State Bank of India (SBI) plans to revamp its entire operational setup for lending to micro, small and medium enterprises (MSMEs) with a view to improve turnaround time (TAT) and customer experience while keeping bad loans in check. The bank has floated a request-for-proposal (RFP) seeking bids from consultants to carry out the process.

In the tender document dated March 26, the bank said that it would like to increase its market share in this category, which currently stands at 15%. “With the objective of becoming banker of choice for MSMEs, SBI intends to improve existing processes and structure in the SME space for achieving improvement in market share/enhance the portfolio while ensuring the asset quality,” SBI said.
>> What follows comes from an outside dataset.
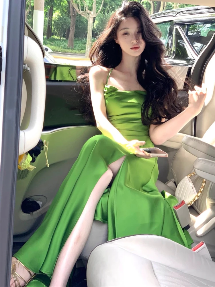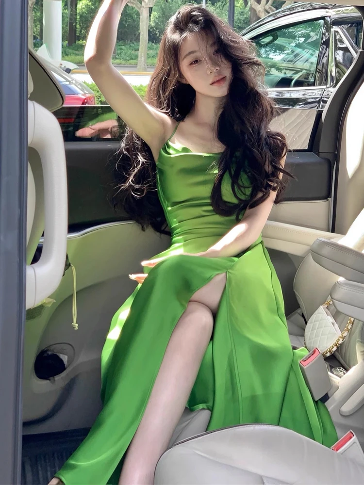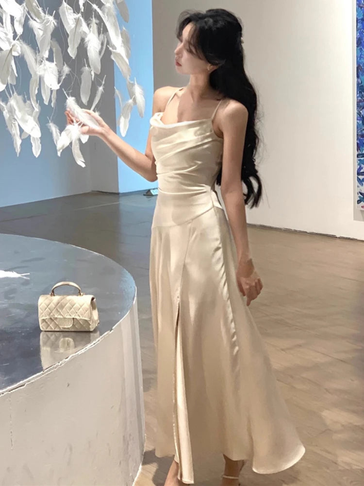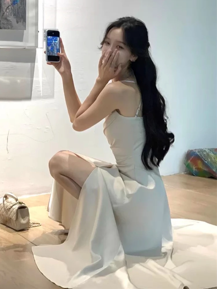 KYLETHOMASW - Evening Midi Dress Women Casual Sleeveless Bodycon Slim Party Strap Dress Elegant Vintage Office Lady Korean Clothing Y2k Chic
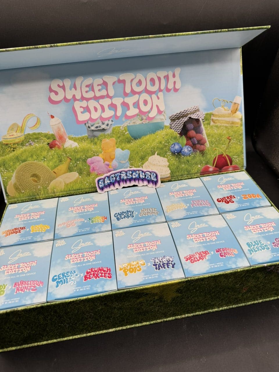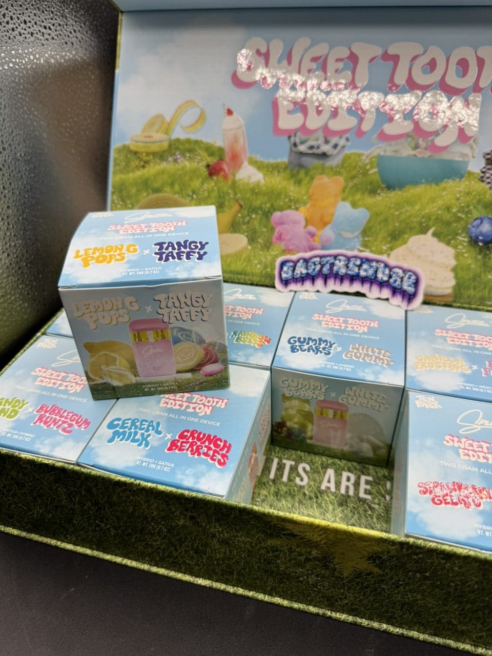 | FLAVORS | STRAWBERRY SHAKE X BANANA BELTS, CANDY LAND X BUBBLEGUM RUNTZ, MARSHMALLOW OG X RAINBOW BELTS, CEREAL MILK X CRUNCH BERRIES, GUMMY BEARS X WHITE GUMMY, LEMON G POPS X TANGY TAFFY, VANILLA FROSTING X PURPLE PEBBLES, STRAWBERRY GELATO X WEDDING CAKE, CHERRY OG X ZODA, BLUE NERDS X GRAPE SKITTLES, 10PK (MIXED FLAVORS), 25PK (MIXED FLAVORS), 50PK (MIXED FLAVORS), 100PK (MIXED FLAVORS) |

The document reveals certain gaps in the existing operational flows of the bank. For instance, the credit guarantee fund trust for micro and small enterprises (CGTMSE) journey is entirely manual as there is no interface with the fund’s portal. The bank says that there has been poor offtake in this segment and there is a need to identify deficiencies in on-boarding which are resulting in high non-performing assets (NPAs). SBI also needs to develop analytics tools to generate supply chain financing business from its existing current account (CA) base.

There are four verticals in SBI’s MSME lending operations — SME Centre and relationship managers, supply chain finance, CGTMSE and cluster financing.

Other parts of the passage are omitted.